Thank you. This is why I’m here.
Ditto!
Well that and they permabanned my 14 year old, 1million karma account for making a post that insinuated Donald is a pedophile that some MAGA got all upset about and they rejected my appeal.
So....fuck em.
So the entire point of reddit, the anonymity, is to be thrown out the fucking window lmao
Today everyone throws their principles out the window. Such is the present(
in order to crack down on ~~AI~~ unprofitable bots
I'm sure they'll have no issues allowing bots that align with their interests
Requiring face ID AFTER genAI has become great at generating faces is certainly a decision
I'm a new lemmy user because of this
Welcome! It's WAY quieter over here because it's mostly people, not bots.
Since when is Polymarket's Twitter account a reliable source of information?
Since when is Polymarket’s Twitter account a reliable source of information?
I can't comment on that specifically, but it was reported by pcmag and others
So when is this happening, so we can mentally and logistically prepare for the next influx of new users into the fediverse?
I made the switch to Lemmy today, feels old school kind of good.
Reddit is not only allowing for bots to run rampant, but also it’s managed by the Epstein class and their supporters.
Im sure the website that sold userdata to every single AI company to train their models on wouldn't ever even think of selling the faces of every one of its users to a company to train its AI face generator on.
Or that the website which accidentally admitted "the most reddit addicted city" is an air force base that hosts their online counterintelligence teams... Where was I going with this? Hmm must be nothing.
BREAKING NEWS! Reddit figured out how to make their platform even shittier
Lemmyflation is real
Inb4 bots pass this and my face is rejected
It took a lot of customer abuse to break Reddit's stranglehold, but they are perilously close to a Digg like migration off their platform.

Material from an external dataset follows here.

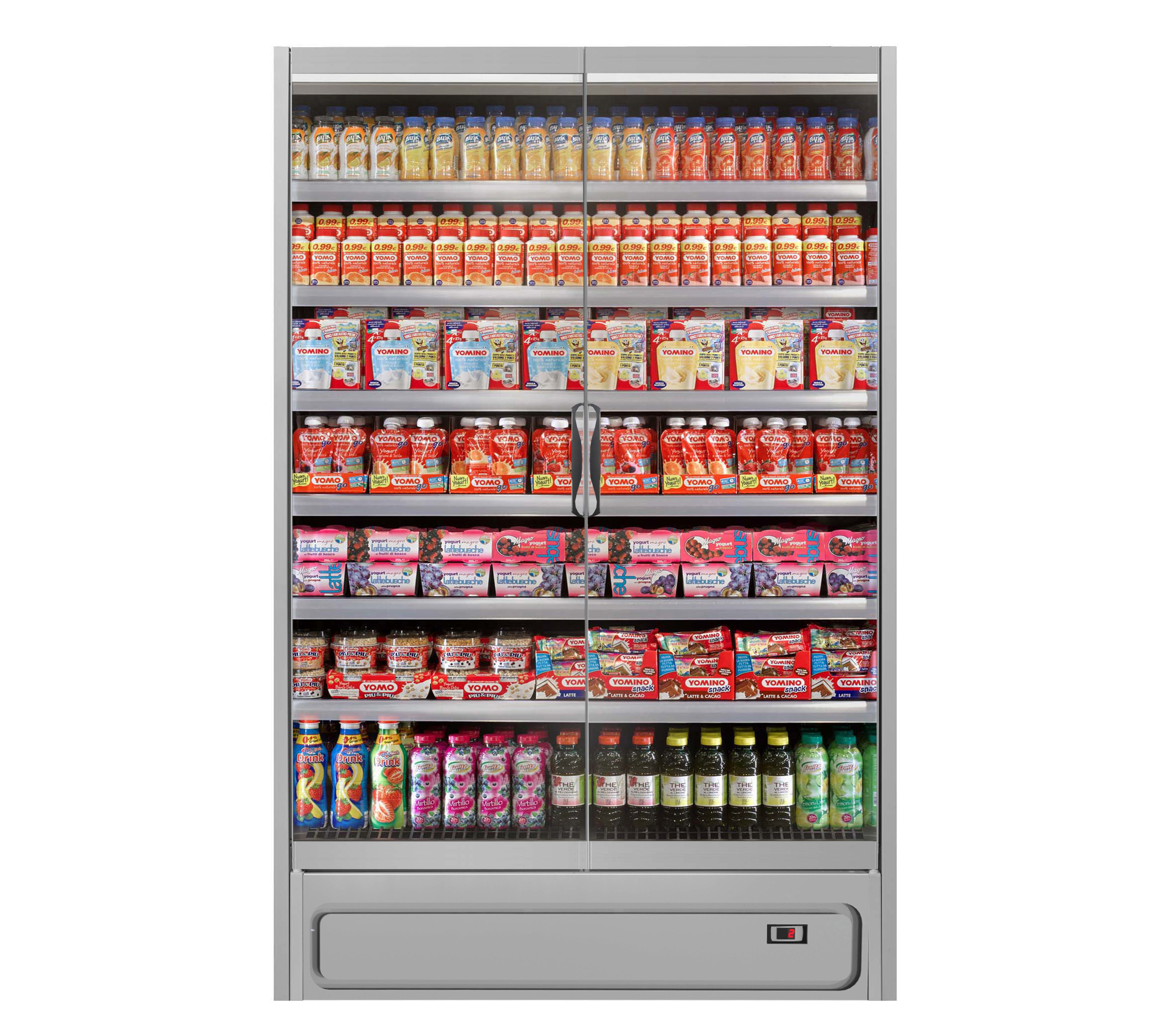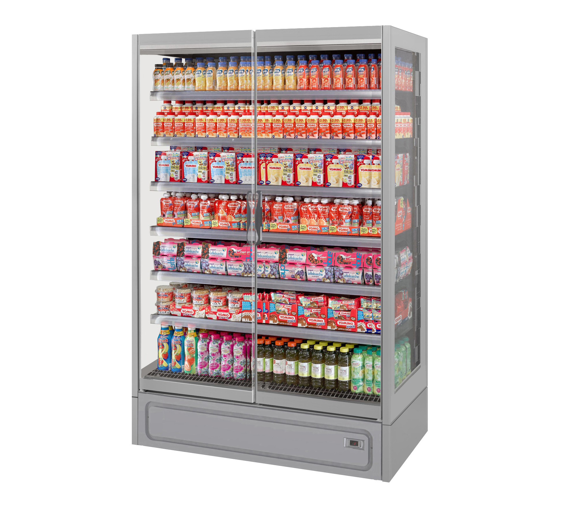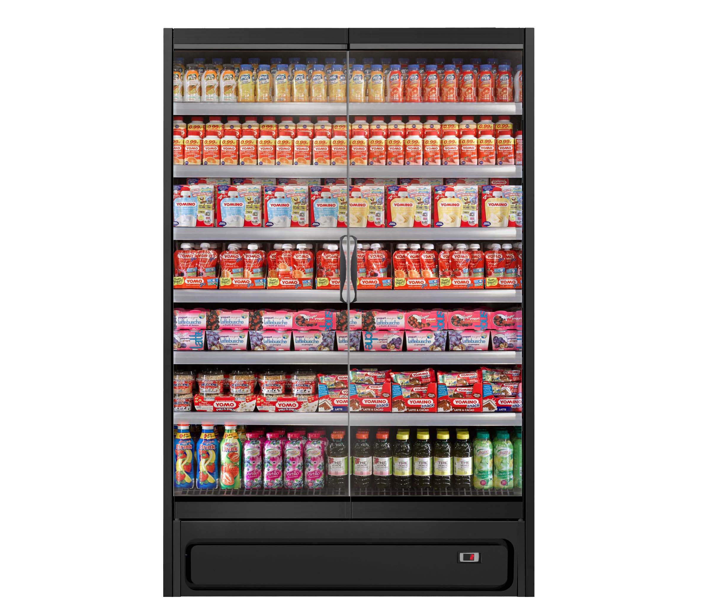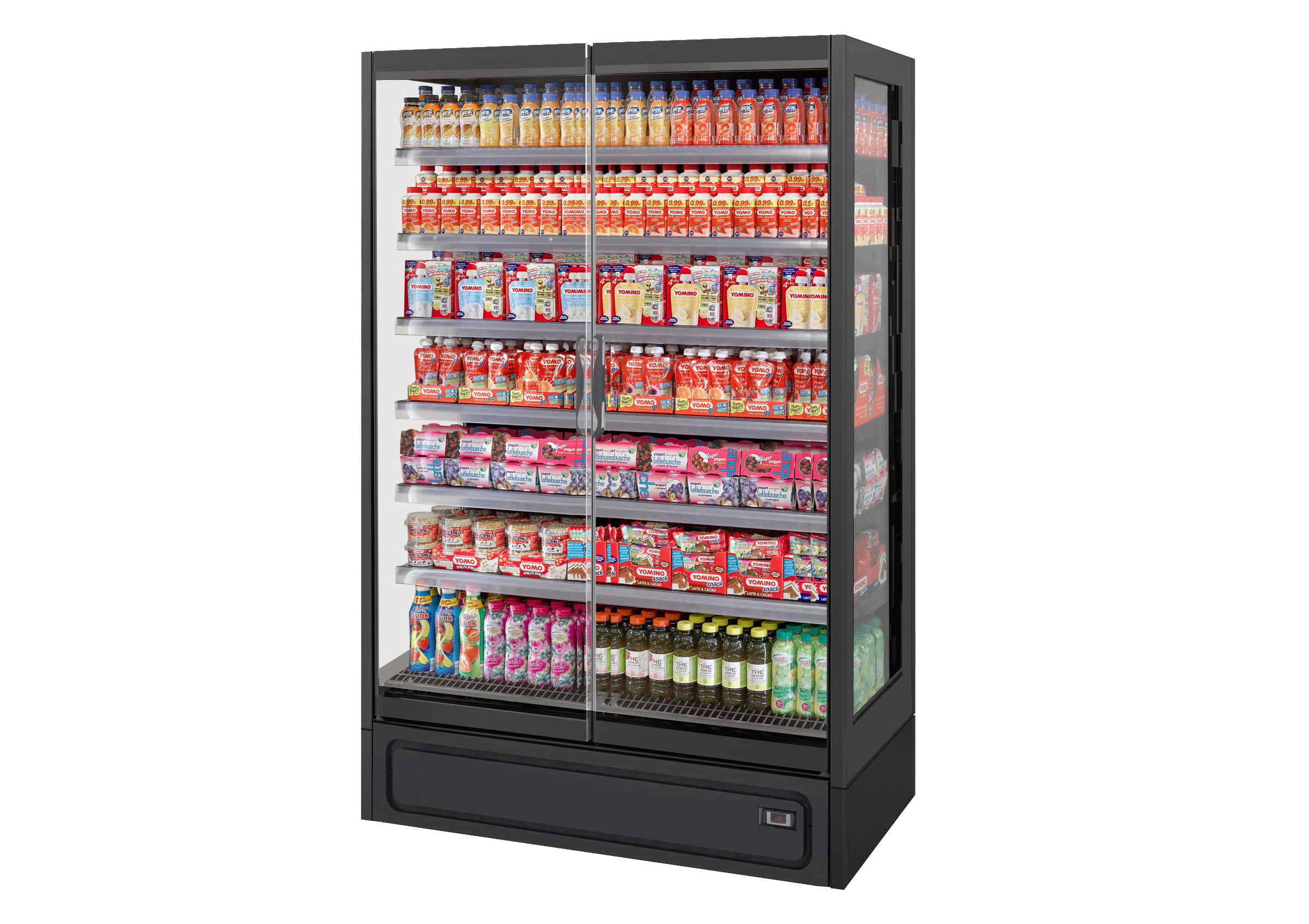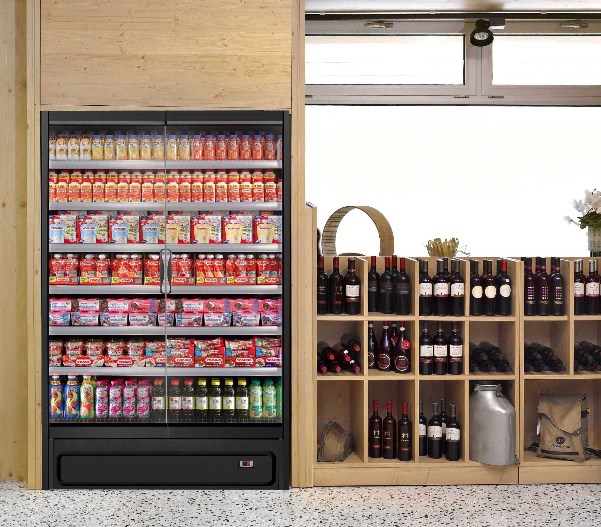 ארון קירור ורטיקלי עם דלתות, פועל על גז קירור פרופאן (R290) ומציג מוצרים ארוזים טריים בצורה מרהיבה. מתאים לכל סוגי החנויות, מקטנות ועד גדולות. מעניק תצוגה מרהיבה של המוצרים הודות לדלתות הזכוכית המלאות ובזכות מערכת תאורה LED.

Spez can take a hike into bankruptcy.
My laptop’s TPM requires a pint of blood to allow booting to an OS. Two pints if it’s Linux.
The real problem was third party clients I swear
Watch /r/politics posts go from 22k upvotes to 3k upvotes overnight.
Lemme get this straight
foster a website that encourages engagement instead of real human interaction bots flood the website to farm engagement with months and years-old reposts obliterate your API support, causing an exodus of users that use 3rd party apps slowly hemorrhage users while going IPO with your bot site now mandate id checks so we can weed out the bots that made your IPO look so good
Genius play by Spez. (/s)
I mean, requiring FaceID is a horrible idea, but there maybe might be a better alternative (I'm talking about the general idea of a "proof of humanity" online, not specifically using this solution).
The fact of the matter is that bots are a massive issue online. When russia got sanctioned and cut off from the western Internet, r/Conservative went radio silent for a couple of days - until they figured out how to VPN through the Netherlands. There are whole communities where bots discuss bot-posted content. And I have no doubt in my mind that it will also happen on Lemmy as soon as there's even a hint of profit* to be found.
* "profit" not as in "monetary gain", but as "any kind of gain, be it money, influence, propaganda, chaos", etc., etc.
They made it easier for bots to thrive by allowing hidden post histories, limiting the API, and punishing users for "bad" reports, but claim they need face ID to filter out bots?
I don't care, because reddit, but this makes me wonder if you can just have an AI generate a generic face and feed that in.
It's obviously not about bots. Isn't spez friendly with Peter Thiel?
I'm glad they violated my account for a non violation and denied my appeal in the first week of opening a new account then. They aren't trying to make their moderation believable, I'm persona non grata for whatever reasons, to appease the administration I presume.
Fuck them, glad I stayed off. I kind of need the help on some stuff though, there just aren't enough people or communities on here yet.
More lowkey polymarket advertisements.
Why is it the only place I see polymarket is on Lemmy screenshots?
Reddit should crack down on human users instead! Let Reddit be AI Bot Exclusive space!
Yea I prefer to get my Reddit news from a gambling site that facilitates bets on human lives.